Table of Contents
Key Points:
- South Africa’s GDP grew by 0.6 percent in 2023, avoiding a technical recession.
- CEOs highlight job creation, state capacity, and public-private partnerships as economic solutions.
- Discovery CEO Adrian Gore advocates for economic growth and transparency to boost the economy.
Adrian Gore, CEO of Discovery, recently shared his insights on how South Africa can boost its economy during an episode of “The Money Show with Bruce Whitfield.”
Despite a 0.6-percent GDP growth in 2023, the country narrowly avoided a technical recession, and GDP per capita lagged behind population growth. Gore, along with other top CEOs, emphasized job creation, improving state capacity, and fostering public-private partnerships as key strategies to enhance economic growth and stability.

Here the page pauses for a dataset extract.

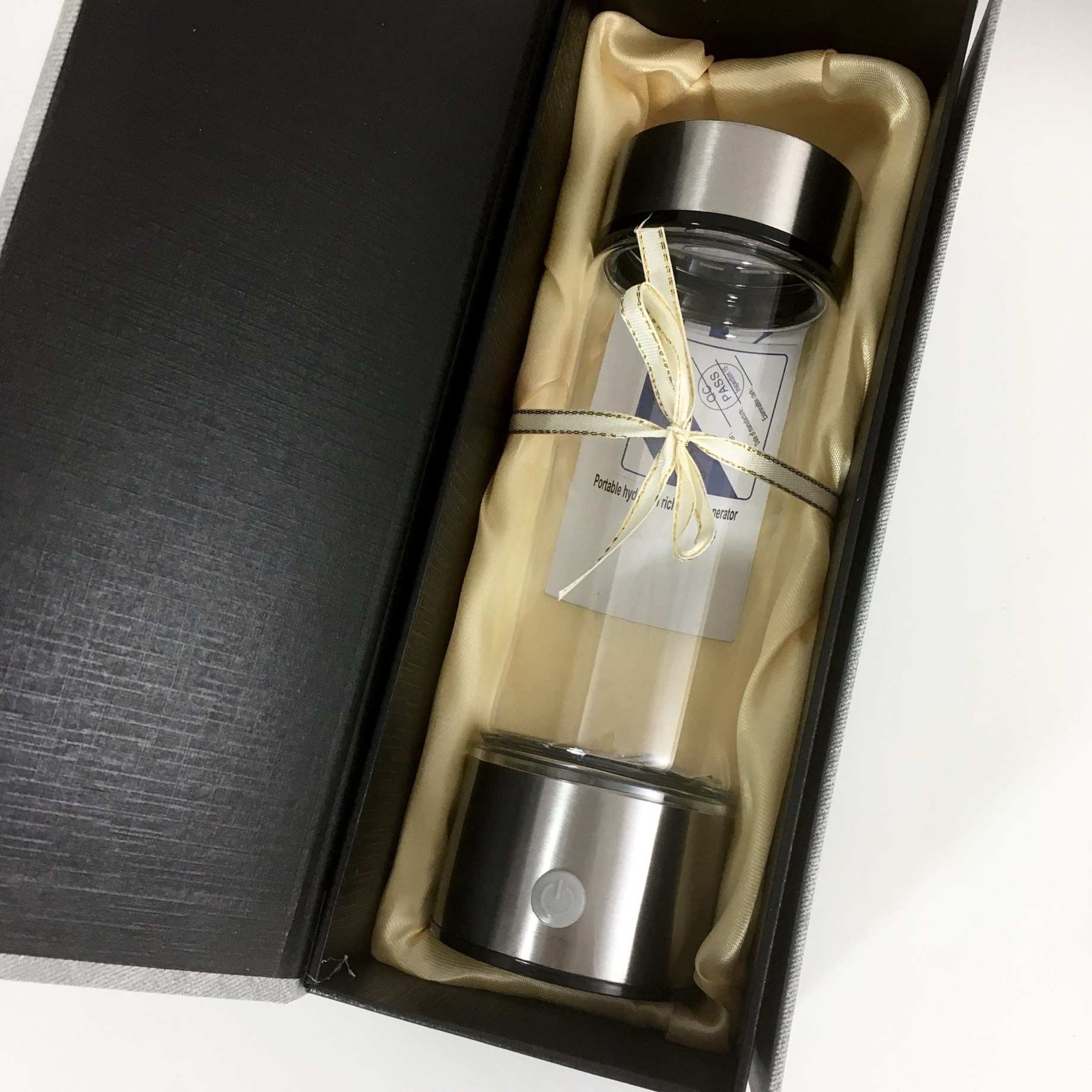 PlanetsOwn H2 Flaska Hydrogen är en praktisk vattenflaska som låter dig göra ditt eget vätevatten hemma. Vätevatten är rent vatten med tillsatta vätemolekyler, som i detta fall skapas genom elektrolys direkt i flaskan. Resultatet är ett luktfritt, färglöst och smakfritt vatten som är säkert att dricka för både vuxna och barn. Du fyller bara flaskan med vatten och laddar den sedan med den medföljande USB-kabeln. Efter ca 2-3 minuter har vätemolekylerna laddats i vattnet och det är redo att drickas. PlanetsOwn H2 Flaska Hydrogen har en stilren design i rostfritt stål och glas samt levereras i en fin presentask.

Despite these challenges, South Africa’s economy is expected to improve in 2024, with Bank of America economist Tatonga Rusike forecasting a GDP growth of 1.3 percent. Other analysts predict around 1 percent growth this year.
In a recent episode of The Money Show with Bruce Whitfield, Discovery CEO Adrian Gore, Standard Bank CEO Sim Tshabalala, and Investec Bank CEO Cumesh Moodliar discussed what could save the South African economy. Each executive offered insightful solutions to propel economic growth.

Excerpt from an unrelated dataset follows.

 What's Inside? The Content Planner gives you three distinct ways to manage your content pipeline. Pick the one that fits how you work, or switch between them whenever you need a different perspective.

Adrian Gore, Discovery CEO
Adrian Gore, a prominent voice in the discussion, highlighted the resilience of South Africa’s economy, noting that it avoided a recession in 2023 despite heightened load shedding. However, Gore stressed that job creation through economic growth is crucial. He pointed out that when the economy grows at 3 percent or more, there’s only a 0.7-percent increase in jobs, while a stable or 1 percent growth results in a contraction.
Gore suggested that the Presidential task team Operation Vulindlela should establish a unit focused on economic growth and jobs. He also highlighted the positive impact of transparency on government plans, which can act as a “defibrillator” for the economy.

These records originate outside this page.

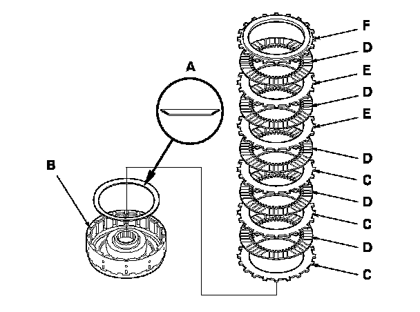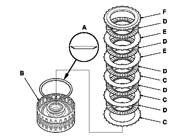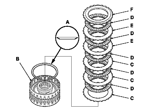 19. Install the disc spring (A) in the 4th clutch drum (B) in the direction shown. Starting with the 4th clutch flat-plate, alternately install the clutch flat-plates (C) (3) and the clutch discs (D) (3), and alternately install the clutch wave-plates (E) (2) and the clutch discs (D) (2). Install the clutch end-plate (F) with the flat side toward the top disc.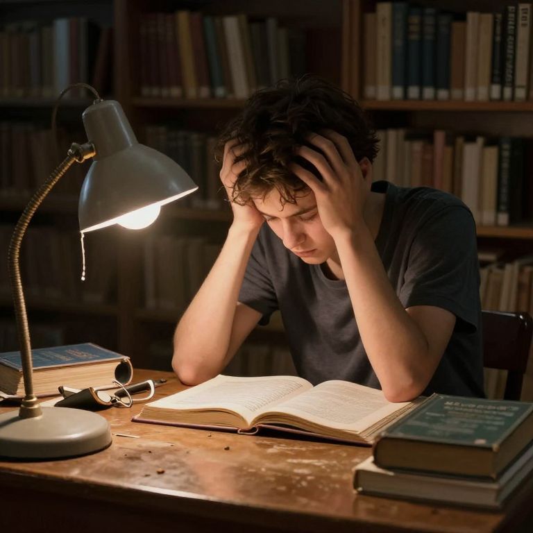 Photograph of a young man with curly brown hair, wearing a dark navy t-shirt, sitting at a wooden desk in a dimly lit library. He is deeply focused on an open book, with both hands resting on his head. A silver desk lamp with a focused beam illuminates the book, casting shadows. Beside the lamp, there are stacked books and a pair of glasses. The background features a blurred bookshelf filled with various books. The scene exudes a studious, introspective atmosphere.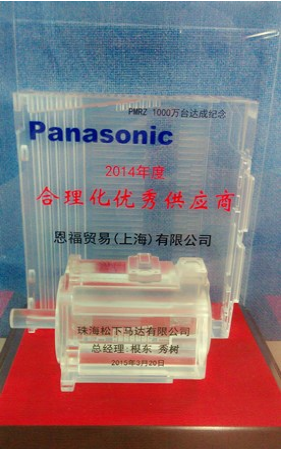2015年3月20日,恩福貿(mào)易(上海)有限公司獲得了珠海松下馬達有限公司頒發(fā)的2014年度“合理化優(yōu)秀供應(yīng)商”獎。頒獎儀式在松下的會議室舉行,恩福的市場區(qū)域經(jīng)理洪道弘,銷售部副科長嚴志楹以及銷售擔(dān)當(dāng)梁博出席了頒獎儀式并代表恩福領(lǐng)取了獎項。

Sim Tshabalala, CEO Standard Bank
Sim Tshabalala agreed with Gore on several aspects, adding that the state needs to be capacitated and work closely with civil society and businesses to accelerate growth. He advocated for the acceleration of the Public Service Amendment Bill, which would introduce transparent and competitive recruitment processes in the public service, improve pay, and elevate the status of civil servants. Tshabalala cited Singapore as a model for this approach.
Cumesh Moodliar, CEO Investec Bank
Cumesh Moodliar called for greater public-private partnerships (PPPs). With South Africa’s debt-to-GDP ratio over 74%, the nation is limited in its ability to raise capital on international markets. Moodliar proposed integrating private capital into PPPs, pointing to successful examples like the Gautrain and some toll roads.
Moodliar emphasized that PPPs in renewable energy projects, rail, and ports could yield significant benefits. He explained that South Africa’s manufacturers, producers, and miners need mobility to export products and maintain employment levels. “PPPs lead to infrastructure development, job creation, innovation and technology transfer, skills transfer, improved service delivery, and ultimately revenue generation,” said Moodliar. “All these elements together drive the economic flywheel.”
The insights shared by these top CEOs underscore a multifaceted approach to reviving South Africa’s economy, emphasizing job creation, state capability, and strategic partnerships.